[Records from a dataset]

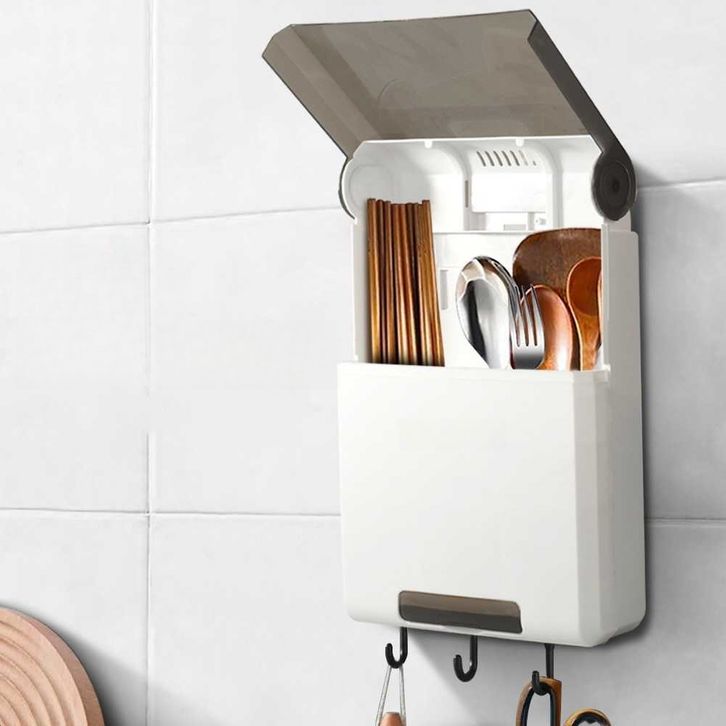 Tempat Sendok Garpu Sumpit dengan Tutup Rak Wadah Dapur Tertutup Tempel Dinding Kotak Organizer
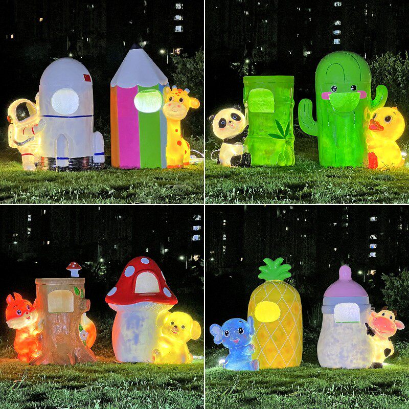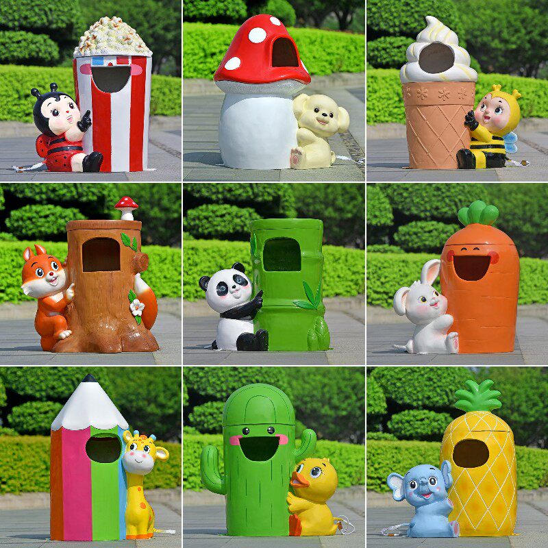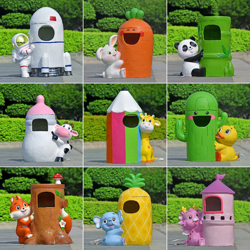 玻璃钢卡通创意垃圾桶雕塑户外公园林景区幼儿园发光动物装饰摆件
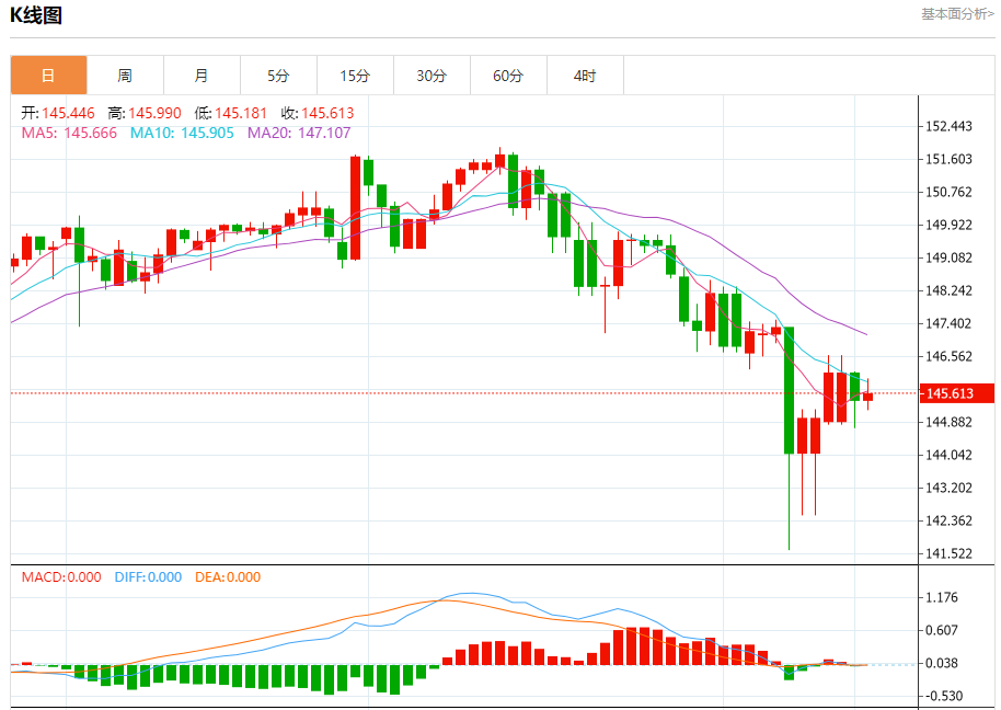 今日周三,截止目前美元兑日元报145.629,上涨0.11%。
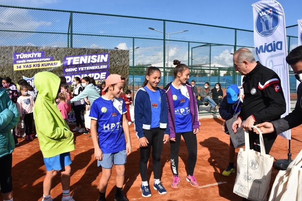 Turnuva sonrası Başkan Atabay, yetenekli genç tenisçilere içerisinde Didim Belediyesi'nin hediyelerinin bulunduğu çantaları takdim etti.
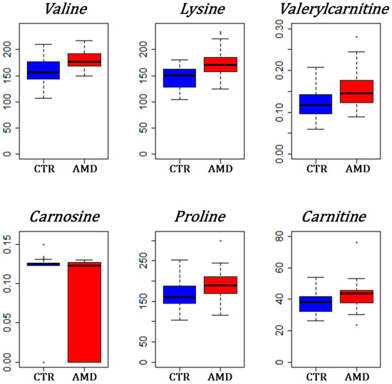 Box plots for the most significant metabolites between AMD and controls (CTR). Groups are represented on the x-axis with the blue box used for controls and the red box for AMD patients. Concentrations are in the y-axis and have dimension μmol/L. The high height of the red box below the median value for carnosine is explained by the high frequency of zero values in the AMD group.
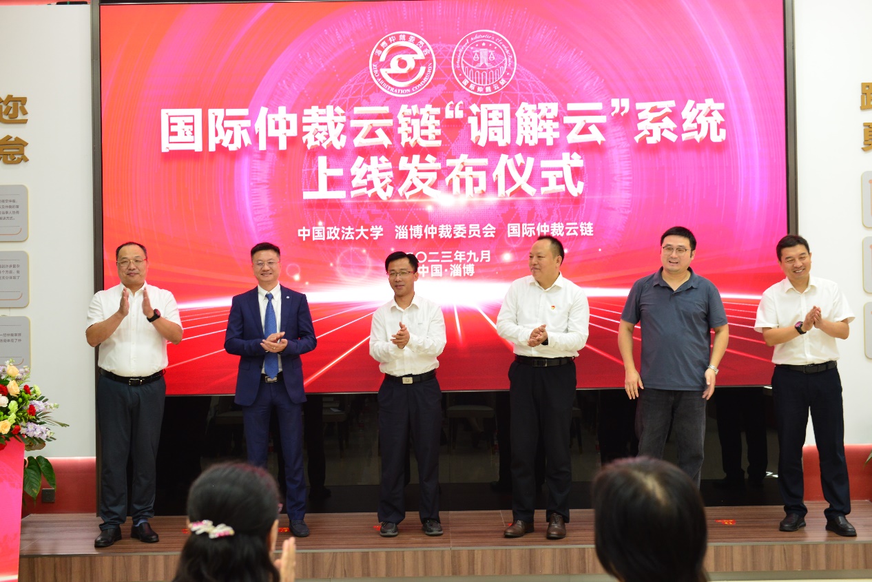 山東省司法廳一級調研員李世敏,淄博仲裁辦黨組書記、主任張公博,淄博仲裁辦黨組成員、副主任閆世學,中國政法大學副教授、國際仲裁云鏈理事會副理事長周蔚,中國政法大學網(wǎng)絡安全和信息化辦公室副主任張軼舸,泰杭律師事務所主任、國際仲裁云鏈理事會理事汪政共同為調解云系統(tǒng)上線揭牌。

Exercise description> Your answer must be the records above, word for word, with no pictures.

Exercise solution>
 Tempat Sendok Garpu Sumpit dengan Tutup Rak Wadah Dapur Tertutup Tempel Dinding Kotak Organizer
 玻璃钢卡通创意垃圾桶雕塑户外公园林景区幼儿园发光动物装饰摆件
 今日周三,截止目前美元兑日元报145.629,上涨0.11%。
 Turnuva sonrası Başkan Atabay, yetenekli genç tenisçilere içerisinde Didim Belediyesi'nin hediyelerinin bulunduğu çantaları takdim etti.
 Box plots for the most significant metabolites between AMD and controls (CTR). Groups are represented on the x-axis with the blue box used for controls and the red box for AMD patients. Concentrations are in the y-axis and have dimension μmol/L. The high height of the red box below the median value for carnosine is explained by the high frequency of zero values in the AMD group.
 山東省司法廳一級調研員李世敏,淄博仲裁辦黨組書記、主任張公博,淄博仲裁辦黨組成員、副主任閆世學,中國政法大學副教授、國際仲裁云鏈理事會副理事長周蔚,中國政法大學網(wǎng)絡安全和信息化辦公室副主任張軼舸,泰杭律師事務所主任、國際仲裁云鏈理事會理事汪政共同為調解云系統(tǒng)上線揭牌。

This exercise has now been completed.